* Dataset content *

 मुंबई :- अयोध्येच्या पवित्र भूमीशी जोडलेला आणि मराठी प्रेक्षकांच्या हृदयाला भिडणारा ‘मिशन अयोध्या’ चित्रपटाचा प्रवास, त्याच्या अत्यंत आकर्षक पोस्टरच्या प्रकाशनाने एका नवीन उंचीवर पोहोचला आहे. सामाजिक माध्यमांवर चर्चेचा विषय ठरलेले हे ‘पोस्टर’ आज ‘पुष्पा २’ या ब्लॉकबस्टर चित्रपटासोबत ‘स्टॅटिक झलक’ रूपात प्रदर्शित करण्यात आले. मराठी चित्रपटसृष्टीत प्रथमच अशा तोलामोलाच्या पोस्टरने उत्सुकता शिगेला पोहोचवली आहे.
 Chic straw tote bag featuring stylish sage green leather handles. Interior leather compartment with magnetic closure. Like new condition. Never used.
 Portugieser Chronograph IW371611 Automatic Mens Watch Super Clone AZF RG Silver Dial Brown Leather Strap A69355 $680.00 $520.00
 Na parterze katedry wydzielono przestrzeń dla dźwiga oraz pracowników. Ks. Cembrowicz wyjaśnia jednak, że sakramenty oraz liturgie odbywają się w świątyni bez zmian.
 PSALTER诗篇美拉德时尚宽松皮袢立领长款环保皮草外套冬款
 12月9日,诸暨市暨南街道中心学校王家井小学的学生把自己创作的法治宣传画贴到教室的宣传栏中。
...
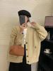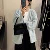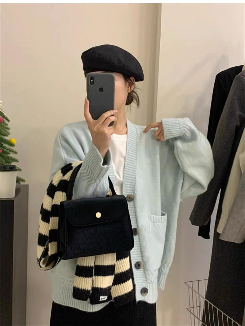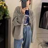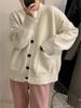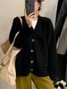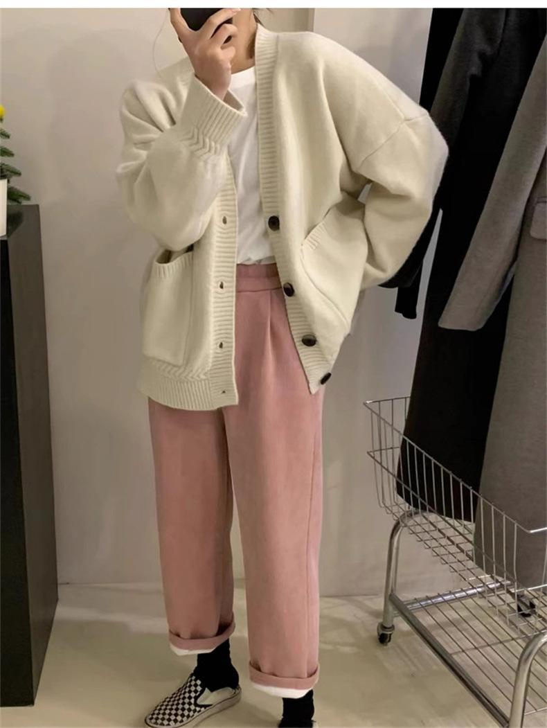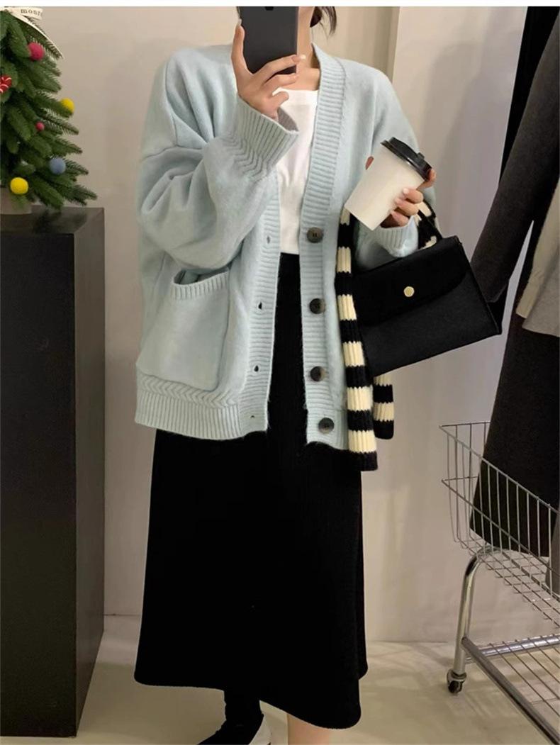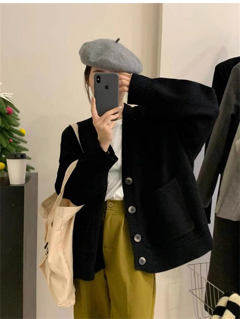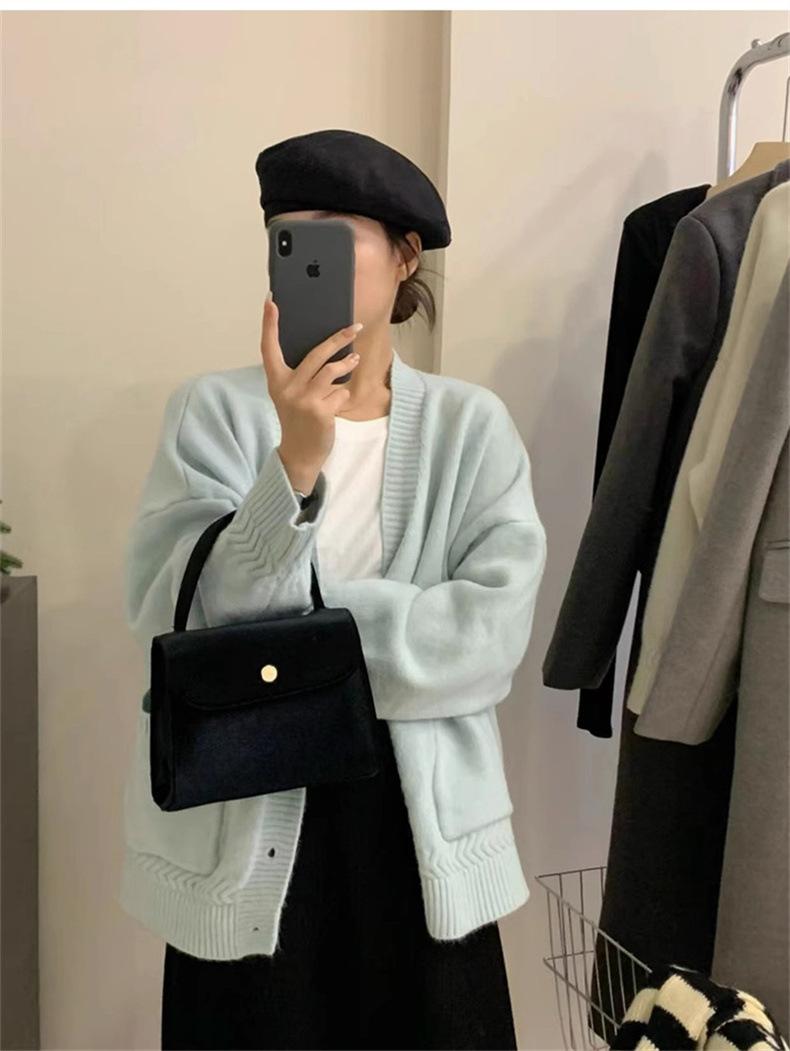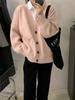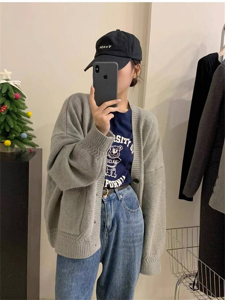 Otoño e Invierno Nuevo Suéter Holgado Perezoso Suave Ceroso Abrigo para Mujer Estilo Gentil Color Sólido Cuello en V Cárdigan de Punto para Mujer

* Task description *
Here the output must be the lines above from the line with "मुंबई :- अयोध्येच्या" to the line with "Portugieser Chronograph IW371611", both included, duplicated word for word and nothing else.

* Completed exercise *
 मुंबई :- अयोध्येच्या पवित्र भूमीशी जोडलेला आणि मराठी प्रेक्षकांच्या हृदयाला भिडणारा ‘मिशन अयोध्या’ चित्रपटाचा प्रवास, त्याच्या अत्यंत आकर्षक पोस्टरच्या प्रकाशनाने एका नवीन उंचीवर पोहोचला आहे. सामाजिक माध्यमांवर चर्चेचा विषय ठरलेले हे ‘पोस्टर’ आज ‘पुष्पा २’ या ब्लॉकबस्टर चित्रपटासोबत ‘स्टॅटिक झलक’ रूपात प्रदर्शित करण्यात आले. मराठी चित्रपटसृष्टीत प्रथमच अशा तोलामोलाच्या पोस्टरने उत्सुकता शिगेला पोहोचवली आहे.
 Chic straw tote bag featuring stylish sage green leather handles. Interior leather compartment with magnetic closure. Like new condition. Never used.
 Portugieser Chronograph IW371611 Automatic Mens Watch Super Clone AZF RG Silver Dial Brown Leather Strap A69355 $680.00 $520.00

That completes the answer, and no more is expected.